The Resource Control Manager maintains the state for individual resources (Online, Offline, Failed, Online Pending, and Offline Pending) as well as for Resource Groups (Online, Offline, Partial Online, and Failed). The Resource Control Manager can execute the following actions on a group of resources – Move, Failover and Failback. Which action is executed depends on several factors including the current ‘health’ of resources in the group, administrative actions taken on the group (e.g. Move Group), or the current policies in effect for the group. Here is an example (Figure 4) of Failover and Failback Group Policies –

image

Figure 4

Individual resources have policies (Figure 5) that apply to them as well.

image image

Figure 5

The Resource Hosting Subsystem (RHS) is responsible for initially hosting all resources that come Online in the cluster in one default process – rhs.exe (Resource Host Monitoring process) (Figure 6).

image

Figure 6

Note: The rhs.exe *32 process supports 32-bit resource DLLs running in the cluster.

 In previous versions of Microsoft clustering, this was called the resource monitor process (resrcmon.exe) (Figure 7).

image

Figure 7

There is one exception to this rule which has been implemented in the Windows Server 2008 R2 Failover Clustering feature. In Windows Server 2008 R2, the Cluster Group which consists of the Cluster Network Name resource, one or more associated IP address resources and a ‘witness’ resource and the Available Storage group are considered to be ‘critical’ cluster resource groupings and are hosted in an rhs.exe process separate from all the other cluster resources.

The Resource Hosting Subsystem (RHS) conducts periodic health checks of all cluster resources to ensure they are functioning properly. This is accomplished by executing IsAlive and LooksAlive processes which are specific to the type of resource. Examples of these are documented in the following KB article –

KB 914458 - Behavior of the LooksAlive and IsAlive functions for the resources that are included in the Windows server Clustering component of Windows Server 2003.

How often health checks are conducted is determined by the specific resource DLL or by a policy set by the cluster administrator. An example of this policy is shown in Figure 5. Should a resource fail to respond to a low-level LooksAlive check, a more in-depth IsAlive check is conducted. If a resource fails an IsAlive check, additional policies are executed until such time it is determined that a resource cannot run on a particular node in the cluster. When that point has been reached, RHS notifies the Resource Control Manager which will report the resource as Failed to the cluster service and a Failover is executed to move the Resource Group to another node in the cluster provided the default policy (Figure 8) is in effect.

image

Figure 8

There are times when a cluster administrator will choose not to implement the default policy shown in Figure 8 for specific ‘non-critical’ resources. This reduces instability in the cluster which could adversely impact clients connected to highly available service(s).
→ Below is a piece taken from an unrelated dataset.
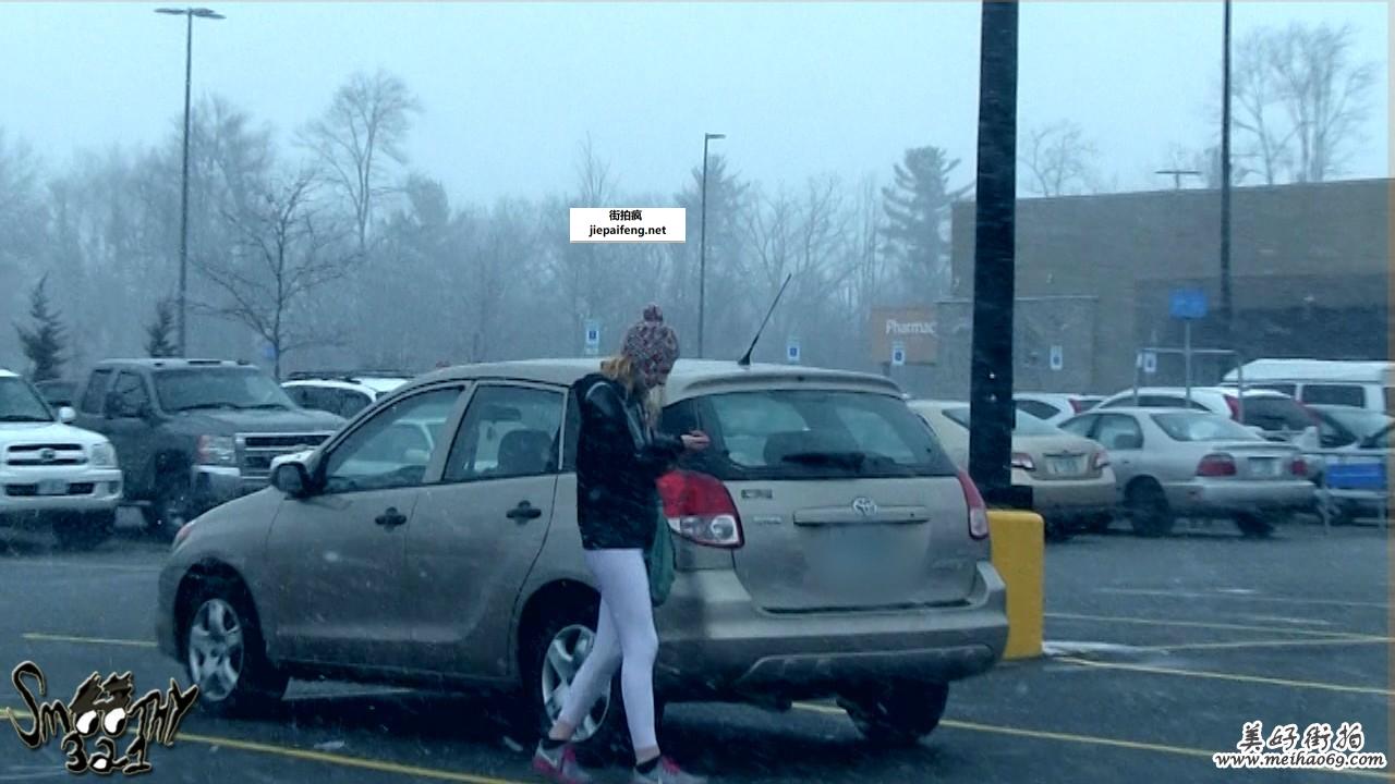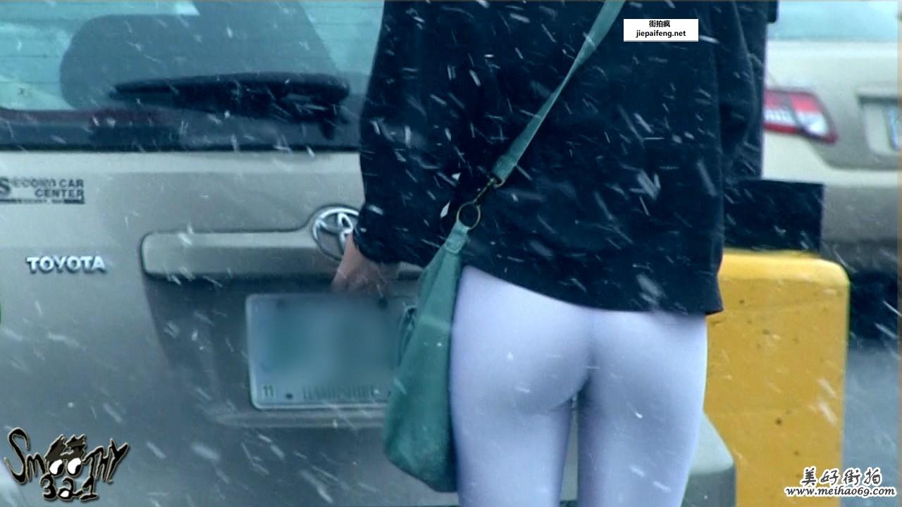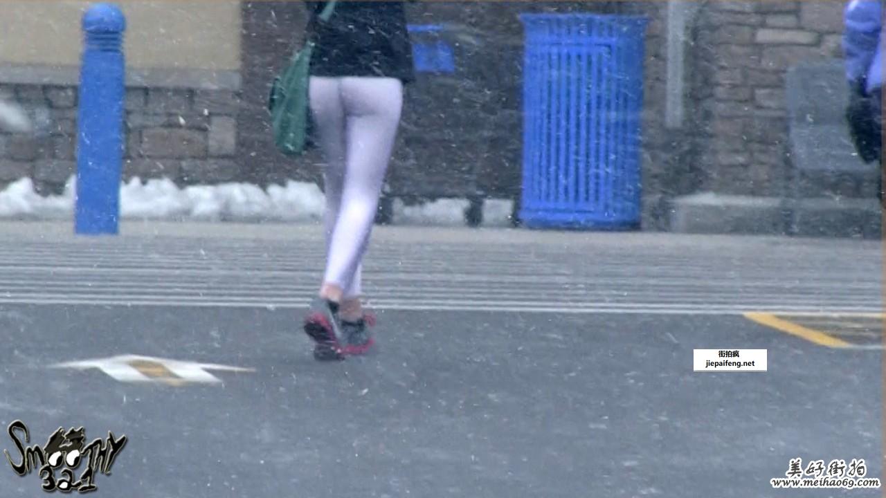 雪中白色有光泽的紧身氨纶裤女孩,性感的屁屁上部[MP4/200M]

The IsAlive and LooksAlive health monitoring function is but a small part of what can be done with cluster resources. Figure 9 shows a listing of additional Resource DLL Entry-Point functions.

image

Figure 9

Note: Information on the Failover Cluster APIs can be found on MSDN.

Failure of an IsAlive call into a resource is but one way resources can become unavailable in the cluster. Other ways include:

  • Deadlocks in a resource DLL
  • Crashes in a resource DLL
  • RHS process itself terminates in the cluster
  • Cluster service fails on the node
  • Operating system failures (e.g. resource exhaustion)
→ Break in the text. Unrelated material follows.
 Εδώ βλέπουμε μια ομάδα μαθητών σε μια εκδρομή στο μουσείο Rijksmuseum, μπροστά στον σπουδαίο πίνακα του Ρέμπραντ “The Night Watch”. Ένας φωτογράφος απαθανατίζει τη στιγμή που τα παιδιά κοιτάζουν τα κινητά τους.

Most of us who have been working with clusters for a long period of time understand what happens if a resource fails a critical health check. I want to spend a little time discussing resource deadlocks.

What is a resource ‘deadlock’? Basically, there are two common reasons for instability within a resource DLL. The resource DLL itself crashes (e.g. access violation in the resource DLL) or the resource fails to respond to a command in a timely fashion. Every time a call is made into a resource, a timer is started. If a response is not received within a specific period of time (configurable), the resource is considered to be deadlocked and the RHS process hosting that resource will be terminated and the resource will be placed in a newly created RHS process thereby isolating it from all the other resources running in the default rhs.exe process. When a deadlock happens, the Failover Cluster service registers an event in the cluster log. Here is an example of a deadlock occurring in the ‘Cluster Name’ resource –

000008c8.00002528::2009/06/17-20:07:57.900 WARN [RCM] ResourceControl(GET_NETWORK_NAME) to Network Name (email) returned 5910.

00000f1c.00000f28::2009/06/17-20:07:58.009 ERR [RHS] RhsCall::DeadlockMonitor: Call LOOKSALIVE timed out for resource 'Cluster Name'.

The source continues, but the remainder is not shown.